Auch auf der diesjährigen Popkomm, der jährlichen Berliner Musikmesse, war \"Mobile Music“ Thema Nummer 1: Eine Expertendiskussion zum Thema “The Mobile Music Market as motor to UMTS-Sales” zeigte jedoch, wie unterschiedlich die Zukunftsvisionen doch sind.
Dass Mobiltelefone eine stärkere Rolle spielen werden, war allen Beteiligten klar. Bei aller Zuversicht scheint jedoch Vorsicht geboten: Das häufig zitierte Vorbild Japan, wo schon jetzt mobile Downloads jene, die von zu Hause aus getätigt werden, überwiegen, führt in die Irre. Dort verfügt man nämlich nicht über die gleiche Standleitungsdichte wie hierzulande. Der Griff zum Handy liegt quasi auf der Hand. Nur die Leute aus der Mobile-Branche selbst glauben, dass das Mobile dem iPod wirklich den Rang ablaufen wird. So etwa Martin Dietz, CEO von Coding Technologies. ähnlich auch Giles Balinet, Gründer von \"Musicwave“, der den iPod schon jetzt für abgeschafft hält: durch die Apple-eigene Erfindung des iPod-Phones.

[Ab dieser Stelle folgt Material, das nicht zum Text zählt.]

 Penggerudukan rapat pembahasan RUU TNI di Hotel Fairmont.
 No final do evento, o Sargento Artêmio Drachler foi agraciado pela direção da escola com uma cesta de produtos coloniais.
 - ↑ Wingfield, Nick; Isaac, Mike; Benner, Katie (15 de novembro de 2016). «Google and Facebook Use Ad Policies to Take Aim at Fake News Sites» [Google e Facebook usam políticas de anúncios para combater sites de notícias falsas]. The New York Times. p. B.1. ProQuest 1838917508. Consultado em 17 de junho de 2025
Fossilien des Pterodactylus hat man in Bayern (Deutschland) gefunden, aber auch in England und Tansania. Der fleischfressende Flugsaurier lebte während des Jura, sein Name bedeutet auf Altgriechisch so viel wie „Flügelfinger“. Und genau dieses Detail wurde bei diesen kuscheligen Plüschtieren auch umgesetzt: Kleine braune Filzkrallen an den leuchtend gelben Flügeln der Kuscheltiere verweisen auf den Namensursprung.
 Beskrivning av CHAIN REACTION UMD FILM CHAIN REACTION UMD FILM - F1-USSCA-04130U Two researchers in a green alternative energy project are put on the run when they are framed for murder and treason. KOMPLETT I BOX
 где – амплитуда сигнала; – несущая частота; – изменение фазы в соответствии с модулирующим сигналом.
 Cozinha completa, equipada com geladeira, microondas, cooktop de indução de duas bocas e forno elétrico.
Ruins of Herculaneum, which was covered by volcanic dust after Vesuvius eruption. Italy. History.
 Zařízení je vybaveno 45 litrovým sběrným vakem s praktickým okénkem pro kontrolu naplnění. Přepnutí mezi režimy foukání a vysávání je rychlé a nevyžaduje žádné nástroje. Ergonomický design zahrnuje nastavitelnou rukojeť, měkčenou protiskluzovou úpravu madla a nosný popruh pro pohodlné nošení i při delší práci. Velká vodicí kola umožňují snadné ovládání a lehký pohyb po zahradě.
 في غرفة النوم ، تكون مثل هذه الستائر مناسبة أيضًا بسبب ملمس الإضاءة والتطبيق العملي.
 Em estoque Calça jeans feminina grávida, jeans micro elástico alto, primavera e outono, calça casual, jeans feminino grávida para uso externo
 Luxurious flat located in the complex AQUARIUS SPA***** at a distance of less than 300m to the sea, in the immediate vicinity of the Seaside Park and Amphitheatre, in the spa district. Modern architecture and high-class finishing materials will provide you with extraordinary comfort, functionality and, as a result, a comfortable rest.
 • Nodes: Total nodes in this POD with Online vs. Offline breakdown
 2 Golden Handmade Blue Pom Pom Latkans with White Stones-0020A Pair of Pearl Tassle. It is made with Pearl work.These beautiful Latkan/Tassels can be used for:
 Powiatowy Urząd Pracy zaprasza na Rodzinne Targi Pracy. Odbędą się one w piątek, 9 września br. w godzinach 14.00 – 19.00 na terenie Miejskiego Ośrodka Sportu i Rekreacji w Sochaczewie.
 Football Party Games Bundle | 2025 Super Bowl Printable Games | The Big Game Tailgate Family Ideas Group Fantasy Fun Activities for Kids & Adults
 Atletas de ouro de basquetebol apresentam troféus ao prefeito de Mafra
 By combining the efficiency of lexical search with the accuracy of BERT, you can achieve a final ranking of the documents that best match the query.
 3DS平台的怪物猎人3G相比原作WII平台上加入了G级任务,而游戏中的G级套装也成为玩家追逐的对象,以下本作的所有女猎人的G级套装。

Hoffnung auf Impulskäufe. Auch Sascha Lazimbat, Mitentwickler der Sparte Mobile Content bei Vodafone, geht davon aus, dass das Musik-Handy bald den nicht vernetzten MP3-Player bzw. den iPod ersetzt. Für das Mobile spreche einfach, dass man es jederzeit mit sich herumtragen und überall nachfüllen kann. Große Hoffnung setzt er auf Impulskäufe: Der Kunde ist unterwegs und will einen eben gehörten Song sofort haben. Entscheidend dabei ist natürlich die Dauer des Downloads. Für das Mobile Jukebox-Angebot etwa spricht Musicload von rund einer Minute. Wenn es schnell gehen soll, immer noch eine halbe Ewigkeit. Wer weiß: Vielleicht wird der Streit, ob iPod oder Mobile Phone, schon bald durch eine dritte, noch visionärere Erfindung abgelöst, die Design und Funktionalität so in sich vereint wie es anno 1979 der Walkman und anno 2001 der erste iPod tat.
Apropos nicht vernetzt: Wenn der iPod nicht so gut ginge wie er geht, wir hätten längst iPods und andere MP3-Player, die Netzwerke bilden und der Musikindustrie endgültig den Garaus machen: mittels Filesharing via ubiquitärer LAN-Hardware, meint Sascha Kösch, Herausgeber des Musikmagazins de:Bug. Aber auch darauf hat iPod-Chef Rubinstein eine Antwort: Weder WLAN noch die Nachfolgetechnologie WiMax werden bei Apple je eine Rolle spielen.